God sends his most incorrect food & drink orders to his most conflict avoidant soldiers
I feel like I’ve been drinking water since the day I was born. When does it end? Like get over it blood I’ve given you plenty
Van Gogh: “Dude, I saw this hella vase of sunflowers today.”
Gauguin: “Pics, or it didn’t happen.”
[van gogh pulls out oil paints & easel]
Cancelling plans is okay. Putting yourself first is okay. Going into the forest and abandoning society is okay. Befriending a pack of wolves and assimilating into their wolf pack is okay. Howling at the moon is okay. Do what you need to do to cope.

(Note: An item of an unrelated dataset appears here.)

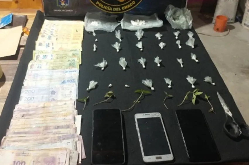 Los efectivos realizaron la prueba de campo de la sustancia encontrada, obteniendo un resultado positivo para cocaína con más de 20 gramos. Se cuestraron la droga, $ 43.000 en efectivo, tres teléfonos celulares y seis plantas pequeñas de cannabis.

Doctor: Are you sexually active?
Me: You’ve already written no
Doctor: I just looked at you and made a guess
Me: well let me tell you, it was a good guess
Going to find a way to reprogram my Alexa so everytime my kids ask it a question it responds with “I don’t know go ask your mother”
Can Jesus turn off his walking on water power, or when he dives into a swimming pool would he just bounce across the surface like a skipping stone?
Today’s religious debate is brought to you by…
How to open a letter:
1. Carefully remove seal
2. Slide your finger unde–okay the seal is back GET THAT SEAL OUT OF THE ROOM NO SEALS ALLO
Me: Of course I’m an adult, I pay bills
Also me: NO, YOU MAY NOT BORROW MY DARTH VADER SIPPY CUP.
I have an inferiority complex about my superiority complex.
I know I’m better than you, but I feel really bad about it.